Andrea Cain has been performing her entire life, even through pursuing degrees in Mathematics and Education from Illinois Wesleyan University. Her minor in Theatre Arts allowed her to explore the world of theater critique, and she has enjoyed freely blogging about her experiences for many years. She can be found dancing, writing, and practicing different dialects with her family in her free time.
Pictured: Ensemble of “1980.” Photo by Joel Masionet.
By Andrea Cain
Within the current political climate, theater and media have taken the time to use both dramatic and comedic ways to discuss important issues. The wonderful satire that is “1980 (Or Why I’m Voting for John Anderson)” has definitely not wasted this time. The intimate look into the lives of campaign volunteers shows us more than just the struggle of fighting for the underdog, but also that times may not have changed as much as we think.
We are presented with a cozy office in 1980 by the adorably awkward Kathleen (Hillary Horvath) on her first day. Brenda (masterfully portrayed by Evelyn Gaynor) is trying to convince Kathleen that she can successfully call voters and convince them to support the independent candidate, John Anderson. We meet the intense Robin Rich (fiercely played by Bryce Gangel), and the professional and ambitious Will Moore (Sheldon Brown).
Through the heat of trying to prove that an independent can be the best choice for president, the characters explore what it really means to get what you want. What I found most compelling was comparing the prejudices black Americans and American women experience when trying to fight for their causes. In this play, we see the intersectionality between the struggles, and how oppressed people are pitted against each other — it made for a very internally focused intermission.

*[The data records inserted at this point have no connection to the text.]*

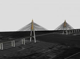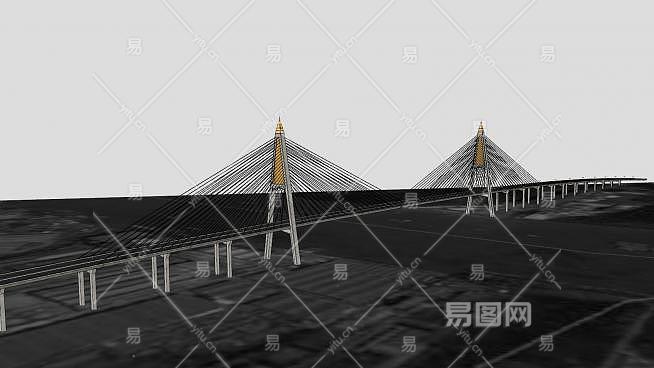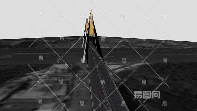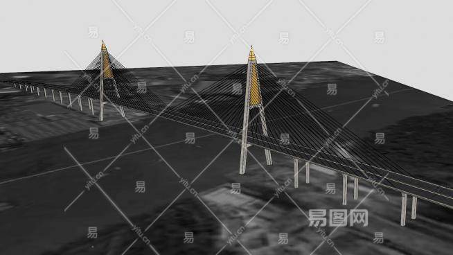 钢索斜拉桥SU模型下载_sketchup草图大师SKP模型
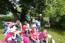 Сәламәтлек минутларын фельдшер Сафина Ләйлә үткәрде. Ул җәй көне урманнарда йөргәндә бөҗәкләр тешләсә, талпан кадалса, елан чакса беренче ярдәм күрсәтү турында сөйләде, кайберләрен эшләп карадык. Соңыннан “Якташ рәссамнар” дигән презентация карадык, фикер алыштык. Балалар арасында “Каникулда” дигән исем астында рәсем ясау конкурсы оештырдык. Беренчелекне Гатиятуллина Язгөлем алды. Төшке аштан соң көнебез саф һавада дәвам итте. “Байрак алыш”, “Бакалар, әтәчләр сугышы” уеннарын яратып уйнадык. Көнебез күңелле узды.
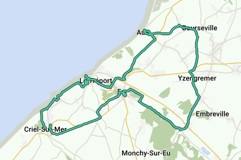 Van Criel entlang der Küste bis nach Ault, dann nach Bourse, Yzengremer, Beachamps (baie de Somme) und zurück über Eu, Etalondes nach Criel
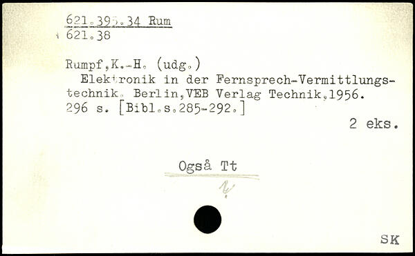 Elektronik in der Fernsprech-Vermittlungs-technik, Berlin,VEB Verlag Technik,1956. 296 s. [Bihlo So 285“292o]

The direction by company member Kaiser Zaki Ahmed clearly shows how important it is to understand all points of view in a volatile political climate. Assumptions based on biased first impressions may lead to unfair treatment, but when we look deeper into a person’s background, we can find a new understanding of their goals.
Jackalope has brought a new gem to the political satire mix. If exciting characters, wit, and thought-provoking prose are what you desire in a theatrical experience, then I recommend this production.